Just to chime in, I'd be very interested in the monitoring blog post too.
We're doing a kafka implementation for a robust data pipeline. Initially,
samza does look interesting for monitoring use-cases.
On Sun, Oct 20, 2013 at 2:53 PM, Garry Turkington <
g.turkington@improvedigital.com> wrote:
> Hi Chris,
>
> Thanks for all this, makes sense. Be interested to hear where things go
> with the locality optimizations. I'm just looking at deploying our first
> Kafka cluster to change how we do data distribution and that's not going to
> initially be collocated with the Hadoop cluster. Samza's tight Kafka
> integration is one of the things that has drawn me to it so I'm looking
> forward (!) to seeing what sort of performance/latency I get from the
> remote/smaller Kafka setup.
>
> Looking forward to the blog post on the monitoring jobs written in Samza.

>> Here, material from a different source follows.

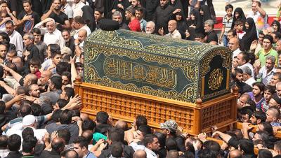 وأقيمت في العتبة الكاظمية المقدّسة مراسيم التشييع الرمزي المهيب لنعش الإمام الجواد(عليه السلام) وسط حزن شديد وهتافات إيمانية ودموع تذرف لمصابه(عليه السلام) بحضور الأمين العام للعتبة الكاظمية المقدّسة أ.د جمال عبدالرسول الدباغ وأعضاء مجلس الإدارة وخدّام الإمامين الجوادين ومشاركة عددٍ من السادة الأجلّاء والمشايخ الفضلاء في الحوزة العلمية الشريفة وجموع المؤمنين الزائرين، حيث جدّدوا خلالها العهد والولاء لتاسع الأئمّة(عليه السلام) وهي تستقي من مناهل إمامته العذبة الدروس وتستلهم العبر والمعاني السامية للمضيّ على نهجه القويم, معبّرين عن عظيم حزنهم ومواساتهم للنبيّ الأكرم (صلى الله عليه وآله وسلم) بهذا المصاب الجلل.

> We're in the earlier stages of a common service framework so have the
> luxury of building on the experiences of others who learned this stuff the
> hard way. :)
>
> Regards
> Garry
>
> -----Original Message-----
> From: Chris Riccomini [mailto:criccomini@linkedin.com]
> Sent: 18 October 2013 19:01
> To: dev@samza.incubator.apache.org
> Subject: Re: Special Bay Area HUG: Tajo and Samza
>
> Hey Gary,
>
> Thanks!
>
> Locality: A few things to note here.
>
> 1. We run one broker per host, as you suggest (18 nodes = 18 brokers).
> 2. Samza does not explicitly try to do any co-location right now. Any
> locality that we get is purely luck.
> 3. YARN allows you to make resource requests for a specific host/rack.
> This is the feature we would like to use to provide better locality.
>
> We haven't done any meaningful evaluation of the locality we're getting
> (or would get) right now, though.
>
> Operations: Yes, we have a pretty cool set of Samza jobs that Jakob wrote
> to do some metrics/monitoring stuff. He can probably talk more about it
> than I can. We're planning on putting up a blog post in the near future
> about it.
>
> More broadly, we have a pretty well defined service container at LinkedIn.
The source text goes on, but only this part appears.